Phylogenetic Analysis of Canine Adenovirus type 2 based on E3 gene. Phylogenetic tree based on a 842 nucleotide sequence of 26 strains of adenoviruses (CAV-1, CAV-2, EAV1 and BAV2) generated by using the neighbor- joining algorithm, test of phylogeny is the bootstrap method with 1000 replicates, using the MEGA 6.0 software program.
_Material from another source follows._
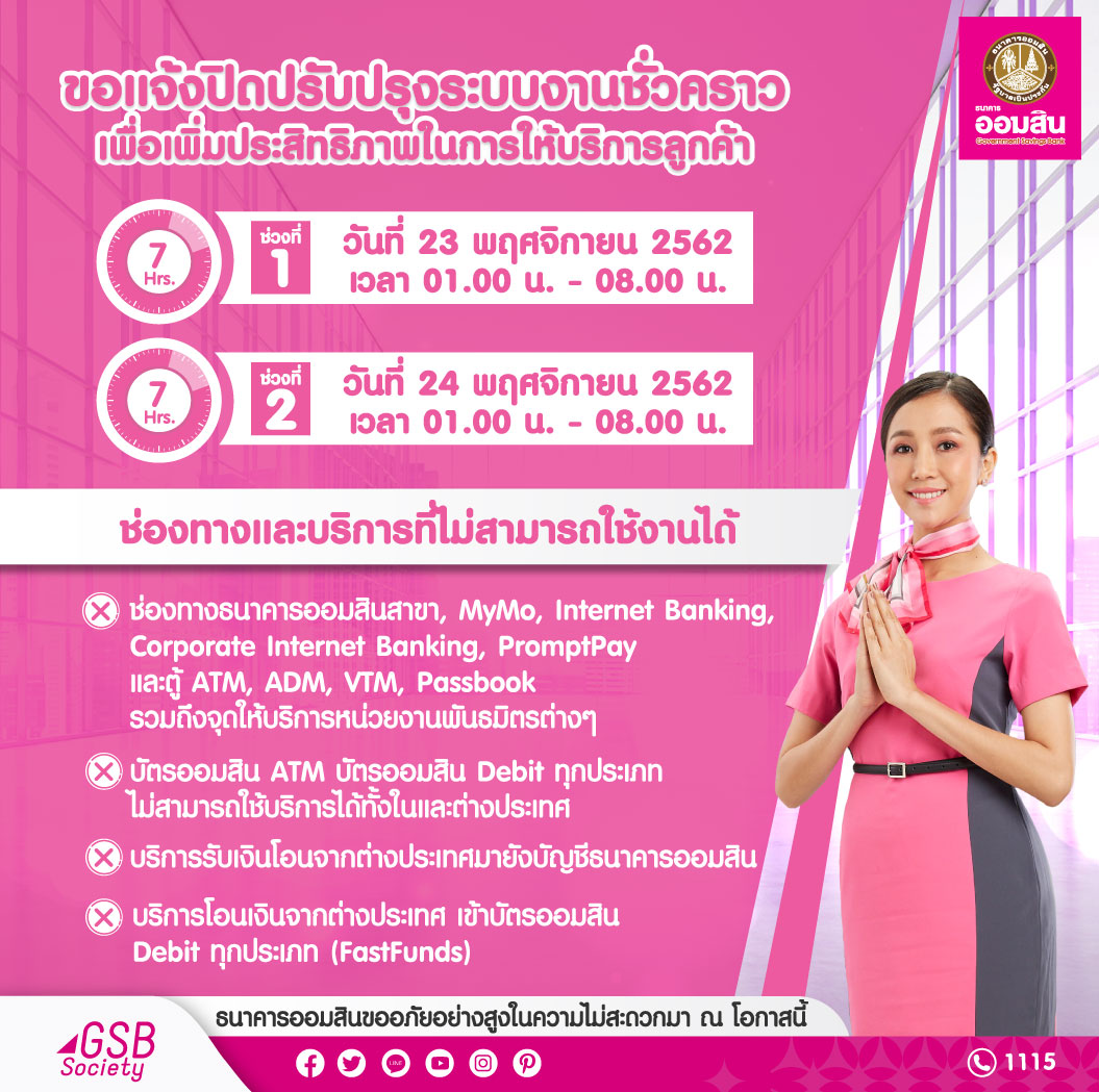 รวมถึงบริการรับโอนเงินจากต่างธนาคารมายังบัญชีธนาคารออมสิน, บริการโอนเงินจากต่างประเทศเข้าบัตรออมสินเดบิตทุกประเภท (FastFunds) และการชำระค่าสินค้าและบริการ (Bill Payment) แบบออนไลน์ ผ่านช่องทาง MyMo และ ATM ได้แก่ การไฟฟ้านครหลวง เงินฝากสงเคราะห์ชีวิต และชำระเงินค่าโทรศัพท์ ไม่สามารถให้บริการชั่วคราวได้เช่นกัน ธนาคารจึงขออภัยลูกค้าทุกท่านในความไม่สะดวกในครั้งนี้ด้วย ![]()

Equine, and bovine adenoviruses were used as an out group

The partial 842 nucleotide sequence of ABT/MVC/CAV2/001 of E3 gene coded for 254 amino acids were shown in Table 2. The deduced amino acid sequence of ABT/MVC/CAV2/001 is compared with other Indian (Protein ID: QJZ27972-QJZ27977), Chinese (Protein ID: ACV90490), Italy (Protein ID: ADN96228-ADN96229, AFZ61865), Brazilian (Protein ID: ANF99502) and Canadian (Protein ID: AAB38732) isolates of CAV2.The deduced amino acid ABT/MVC/CAV2/001 revealed the consistent amino acid change at positions 126 (A → T), 136 (M → K), 138 (N → D), 172 (T → V), 186 (E → D), 216 (V → M), 222 (N → D), 227 (V → I), and 254 (S → P) are predominant mutations in CAV-2 of Indian strain while comparing with Chinese strain (ACV90490) and more similar with Brazilian, Italy and USA strains of CAV2. While comparing with Indian CAV2 isolates, the ABT/MVC/CAV2/001 revealed an additional amino acid changes at the position 251 to 255 as “KIRPM” instead of “ENQAH”. This is characteristic unique amino acid mutations present in the newly reported Indian strain. The results of the present study are in agreement with Timurkan et al. [18] who also reported the fixed substitutions changes at amino acid position 126, 136, 138, 172, 186, 216, 222, 227 and 254 could be the result of the differences in the CAV-2 subgroups. There are nine different amino acids differences reported between the China-Indian strains. These amino acid differences suggest that the Indian strain belongs to America-Europe subgroup.

Table 2

Alignment of the deduced amino acid sequences of the partial-length E3 gene (253 amino acids) amplified using PCR

In the present study molecular characterization and evolutionary analyses based on the E3 gene of CAV2 revealed a novel strain that is currently circulating in field and also throw lights on needs of epidemiological surveillance of different subgroups of CAV type 2 in India. The CAV2 strain exhibited 96.8% and 100% homology at nucleotide and amino acid level respectively. Hence, the current vaccine strain may be used for control of canine adenovirus type 2 infections. However, more number of samples to be analysed to derive the conclusion about the relationship between vaccine and field strains.